The historical figure

Sima Qian's Records of the Grand Historian, written in the first century BCE, places Zhuang Zhou at Meng, a city in the small state of Song in what is now eastern Henan. He is reported to have served briefly as a minor lacquer-garden official before withdrawing from public life. King Wei of Chu is said to have offered him a chief ministership. Zhuang Zhou is said to have declined, asking whether he would rather be a tortoise dragging its tail in the mud or an ornamented one in a royal shrine. The historical density of the report is low. What is securely attributed to him is the Inner Chapters of the text that bears his name. The Outer Chapters and Mixed Chapters are widely treated by modern philology as additions by later writers in the same school. The composite character of the text does not diminish the central voice.

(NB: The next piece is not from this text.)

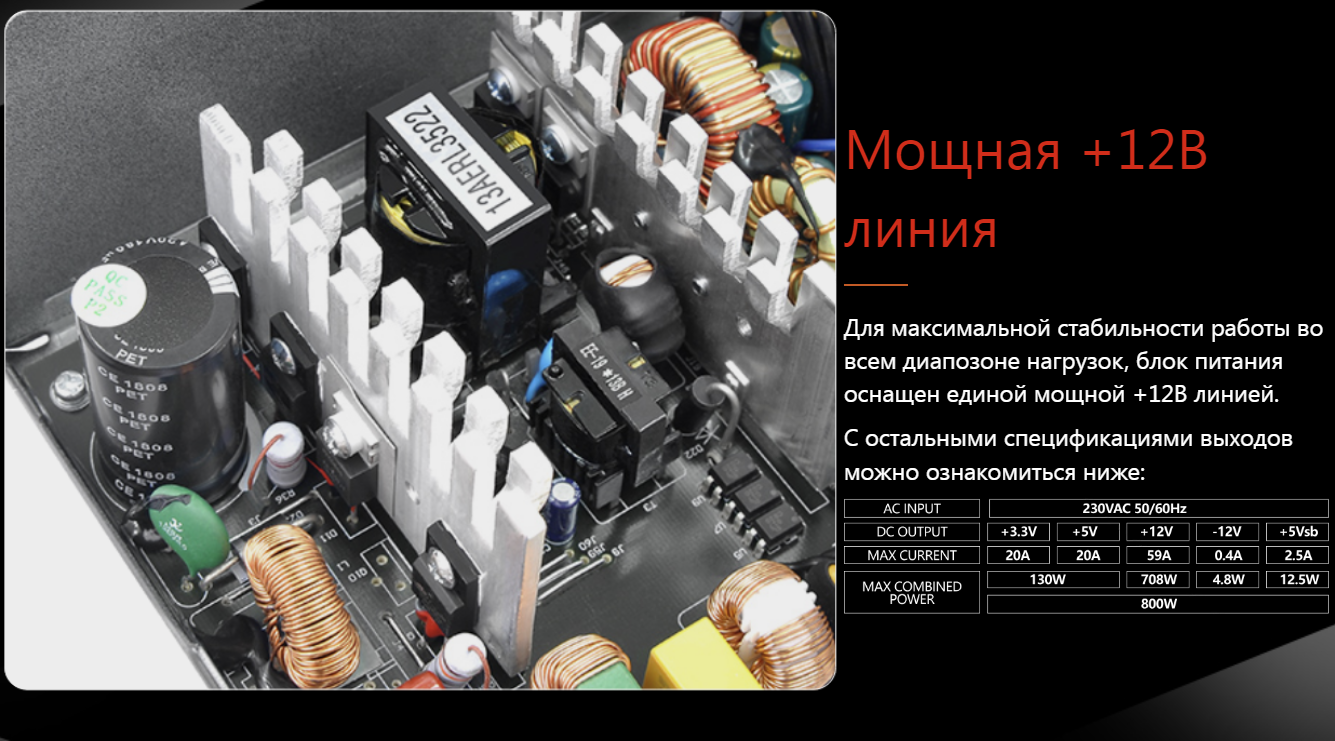 Блок питания Ginzzu PC800 ATX,14cm fan, 20+4pin, CPU (4+4), 7*SATA, 4*IDE , PCI-E (2х6+2), черный интересное:

The Inner Chapters alone would be enough to place Zhuang Zhou among the most original philosophical writers in any language.

What the parables do

The Zhuangzi proceeds by story. Cook Ding cuts up an ox in such a way that his knife stays sharp for nineteen years. He manages this not by exerting force but by finding the spaces already in the joint. The swimmer at the cataract above Lü Liang plunges where no fish should survive. Asked how he does it, he explains that he has no method: he was born on dry land and used dry land, raised in the water and used the water, and follows what is given without asking why. Both are demonstrations of wuwei, action that does not strain against the grain of what is happening. The text's deeper move is on the prior question of who or what is doing the not-straining. Zhuang Zhou's butterfly dream is the locus classicus: I do not know whether I am Zhuang Zhou who dreamed I was a butterfly, or a butterfly now dreaming I am Zhuang Zhou. This is not a sceptical puzzle to be solved. It is a demonstration of the question's own ground. The categories held as fixed (waker and dreamer, self and other, this and that) are themselves productions of the perspective from which they are held. The Qiwulun (On the Equality of Things, the Inner Chapters' second piece) develops the same recognition into a sustained argument: every position relativises every other, including its own.

Influence

Zhuang Zhou's afterlife is hard to disentangle from Lao Tzu's. The Tao-chia school of pre-imperial China treated the two as a single intellectual current. The religious Tao-chiao tradition later deified Zhuang Zhou as the Southern Marchmount, a status the Inner Chapters themselves would presumably have found absurd. When Buddhism arrived from India in the first centuries CE, Chinese translators borrowed Zhuangzian vocabulary alongside Lao Tzu's to render Sanskrit terms. The Zen tradition that emerged from this hybrid retains a recognisably Zhuangzian comic sense. The kōans of the original face before parents were born, the sound of one hand, and the master who burns the Buddha-statue to keep warm sit closer in temperament to the Zhuangzi than to any Indian Buddhist source. The text's argumentative mode also fed the Neo-Daoist xuanxue movement of the third century CE and, through Guo Xiang's surviving commentary, into a thousand years of later Chinese reading.

In the index

The standard English Zhuangzi is the place to begin. Most readers encounter the Inner Chapters via Burton Watson's translation or A. C. Graham's more philologically careful selection. The Outer and Mixed Chapters repay later reading once the central voice is recognisable. Alan Watts is the index's most-present English-language interpreter of the broader Taoist current: Philosophy of the Tao, Part 1 reads several passages alongside the Tao Te Ching, and The Taoist Way is the long single lecture that returns repeatedly to Zhuangzian parable. The Way of Zen traces the recognisably Zhuangzian temperament that Chinese Chan inherited and Japanese Zen carried forward: the comfort with paradox, the suspicion of striving, the preference for demonstration over doctrine. The Tao Te Ching is the obligatory companion volume. The two texts annotate each other, and reading either without the other is reading half the conversation.